* [EXERCISE] Under this line sits a listing. Repeat exactly and only its lines from the one holding "大家好,小知来为大家解答以上" through the one holding "سبونج بوب سكوير بانتس - عيد"; skip pictures.

**** MATERIAL FOR THIS EXERCISE

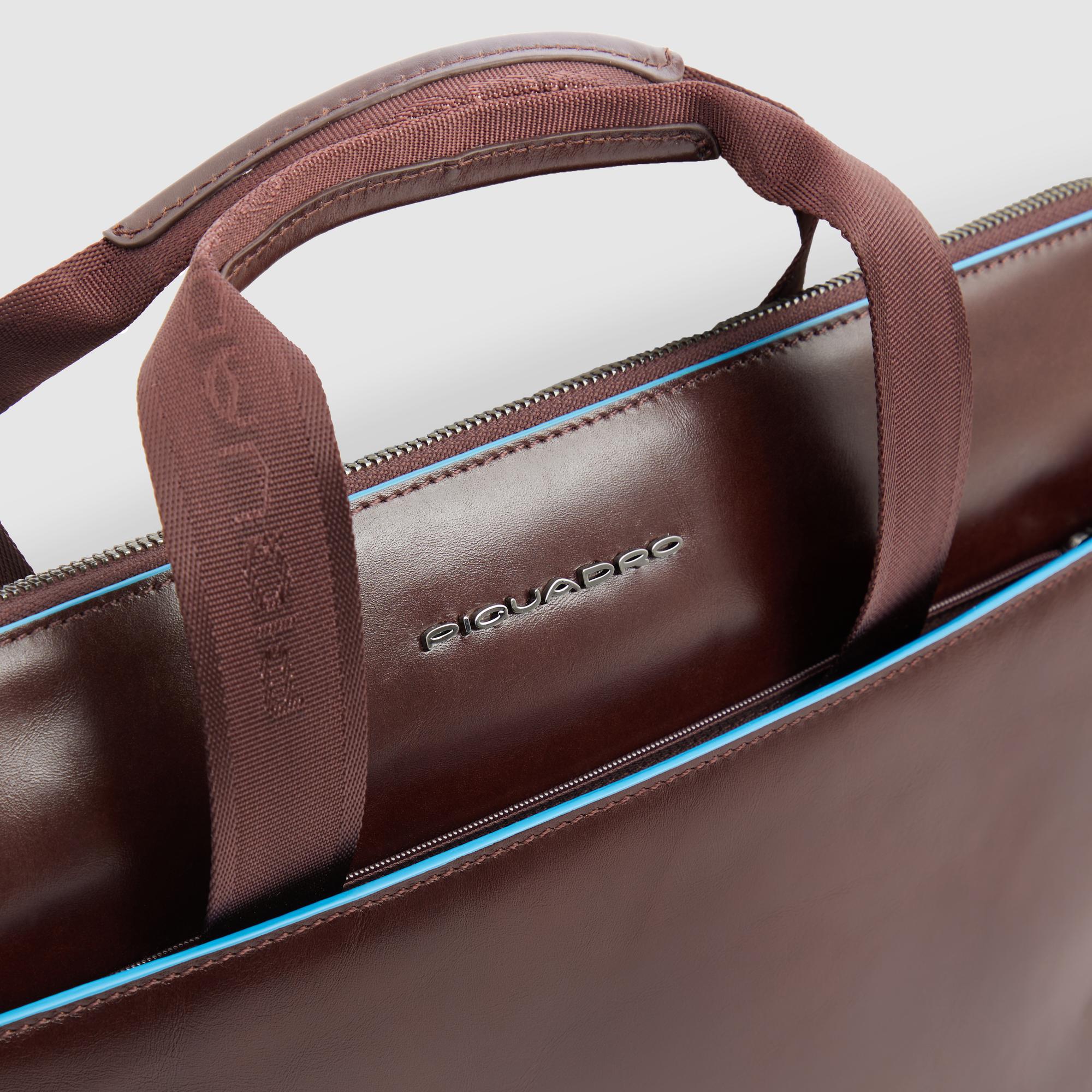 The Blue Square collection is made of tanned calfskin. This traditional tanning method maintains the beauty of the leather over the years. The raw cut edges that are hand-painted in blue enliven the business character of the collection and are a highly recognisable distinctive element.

********
**** MATERIAL FOR THIS EXERCISE

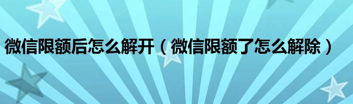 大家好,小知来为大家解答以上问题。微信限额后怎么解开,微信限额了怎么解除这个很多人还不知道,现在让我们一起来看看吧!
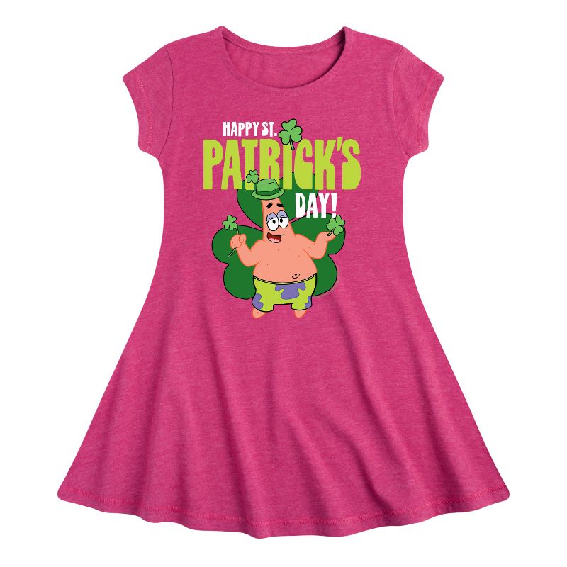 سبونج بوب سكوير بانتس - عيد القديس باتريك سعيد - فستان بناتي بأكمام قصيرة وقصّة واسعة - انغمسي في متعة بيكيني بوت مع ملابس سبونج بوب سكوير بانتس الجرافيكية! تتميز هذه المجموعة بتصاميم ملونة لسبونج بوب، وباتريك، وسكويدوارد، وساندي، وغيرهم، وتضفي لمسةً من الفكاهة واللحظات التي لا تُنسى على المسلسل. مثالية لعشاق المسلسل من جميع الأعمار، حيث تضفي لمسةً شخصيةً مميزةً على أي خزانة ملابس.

********

* [RESPONSE]
 大家好,小知来为大家解答以上问题。微信限额后怎么解开,微信限额了怎么解除这个很多人还不知道,现在让我们一起来看看吧!
 سبونج بوب سكوير بانتس - عيد القديس باتريك سعيد - فستان بناتي بأكمام قصيرة وقصّة واسعة - انغمسي في متعة بيكيني بوت مع ملابس سبونج بوب سكوير بانتس الجرافيكية! تتميز هذه المجموعة بتصاميم ملونة لسبونج بوب، وباتريك، وسكويدوارد، وساندي، وغيرهم، وتضفي لمسةً من الفكاهة واللحظات التي لا تُنسى على المسلسل. مثالية لعشاق المسلسل من جميع الأعمار، حيث تضفي لمسةً شخصيةً مميزةً على أي خزانة ملابس.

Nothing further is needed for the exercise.